BP Prudhoe Bay Royalty Trust (BPT) – Distribution Cut – 50%+ Upside

Current Price – $26.44

Expected Price – <$10.00

Upside – 50%+

Expiration Date – April 2019

 

BPT is oil royalty trust established back in 1989. The company has entitlements to 16% of production in BP Alaska Prudhoe Bay field. Currently it is a high yielding stock – see dividend history here.

The thesis here is simple – due to drop in oil prices as well as annual step up in chargeable costs Q1 distributions will be cut from the latest $1/share quarterly to almost zero. I am expecting this to have a negative effect on the share price. The residual value/optionality beyond Q1 does not justify current share price either as chargeable costs will continue to rise annually and WTI needs to be above $55 for BPT to start generating any income in 2020.

When distribution was cut to almost zero back in Q1 2016, BPT traded around $13/share with 3 additional years of runway left.

BPT borrow is non-existent and expensive (100%+). However, in the money June 2019 options have breakeven at around $18-$22/share (depending on exercise price). These options are quite illiquid and bid/ask spreads are wide.

So the bet here is two-fold:

1) WTI prices stay around $50/share (can be hedged by buying oil index funds or oil E&Ps);

2) Market reacts negatively to the Q1 2019 distribution cut.

If either of the two do not work out as expected, the trade fails.

Worth noting that this is not an undiscovered situation – it has been covered on a number of SA articles as well as other sites over the last half a year. Reading through the comments on these articles gives a bit of a hint why BPT is so mispriced – high yield seeking clueless retail investor base + short squeeze. Judging by high borrow fees, this is quite a crowded short.

 

Royalty structure

Historical royalty calculations can bee seen from the table below. Average per barrel royalty is calculated by deducting inflation adjusted chargeable costs and production taxes from the average quarterly WTI price. Then this is multiplied by the 16.4246% of quarterly oil production with 90m b/d cap.

BPT

Important factor is the step up in chargeable costs every year going forward.

BPT2

Assuming WTI prices stay at the current levels ($52) and production is flat at 78.7m b/d, distribution for Q1 2019 should be only $0.2/share vs $1/share in the latest quarter.

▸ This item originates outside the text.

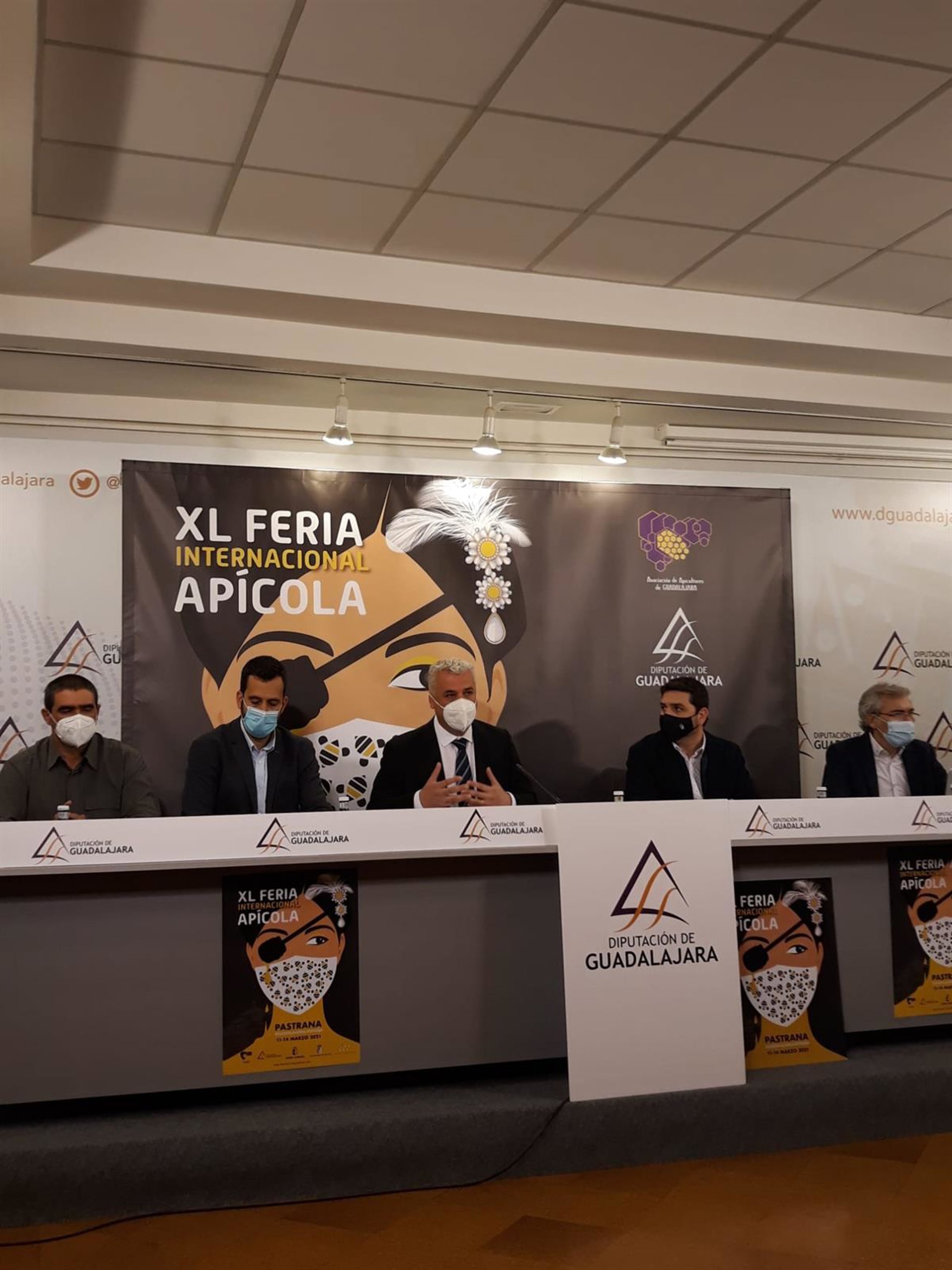 Se trata de la XL Feria Apícola de Pastrana, una muestra que ha sido presentada este jueves por el presidente de la Diputación, José Luis Vega; el diputado provincial de Agricultura y Ganadería, Héctor Gregorio; el alcalde de Pastrana, Luis Fernando Abril; el presidente de la Asociación de Apicultores de Guadalajara, Ángel Marco, y el responsable técnico de la plataforma online feriaapicolapastrana.com, Julio Marian, y que ya ha levantado muchas expectativas.

The table below depicts quarterly distributions at various WTI price levels for the upcoming years. I have assumed flat production (although it has been on the downward trend in recent years), 2.8% annual inflation, 3.5% production taxes and $1.2m in annual trust expenses.

BPT dividends 3

 

As can be seen, WTI prices need to increase sharply every year for BPT to continue with at least small distributions. Even assuming that WTI reverts promptly to $75 after Q1 and stays at this level, cumulative undiscounted dividends sum up to only $11.5/share.

18 Comments

18 thoughts on “BP Prudhoe Bay Royalty Trust (BPT) – Distribution Cut – 50%+ Upside”

  1. Double checked the calculation and agree there is very low value in the stock (~3x less compared to the spot). The one anticipating oil shoot out can hedge this stock through buying OTM call on WTI. It won’t cost much at $75.
    It will be interesting to see the price reaction at low dividends. Will the market remain insane?)

    Reply
  2. John Maynard Keynes: The market can remain irrational longer than you can remain solvent.
    Michael

    Reply
    • Definitely a risk here, but if you have short position through options, at least there is no need to worry about solvency.

      Reply
    • That’s dividend for the last quarter and was known already for couple of weeks. Q1 dividend will be much lower it current oil prices prevail.

      Reply
  3. How hard is it to enter into this trade? What’s the float at right now?

    Reply
  4. BPT is definitely massively overpriced vs. the future distributions it will pay. But how far will it trade down once the distribution cut is announced? In April 2016, dist dropped from $1.20 to $0.07. The stock dropped 10% on the announcement, but quickly bounced back higher. I don’t know what idiots own this, but maybe cutting the distribution won’t be enough for them to sell.

    Reply
    • This was after market close so we will see the market price reaction on monday I guess..

      Reply
  5. Stock is materially lower from time this idea was posted. Closed today @ $9.35. Anyone get put options on this?

    Reply
    • This is a clear zero next year or in 2021 (unless oil prices rebound strongly). But the problem is that borrow is not available / expensive and put options are expensive with short term maturities. So you never know if stock will drop enough in particular time period to compensate for these costs.

      Reply
  6. What about buying a put spread for March, 2020 or writing uncovered calls for the same date?

    Reply
    • Options are illiquid and payoff from put spreads is too small.

      Eg. 15.0 / 7.5 spread costs $6 with max payoff of $7.5, which is only 25% upside. Also you have no guarantee that the stock will trade below $7.5 at expiration – even-though its a terminal zero, it can still pop up (like yesterday’s +13%)

      OTM calls are also too cheap considering volatility of the stock.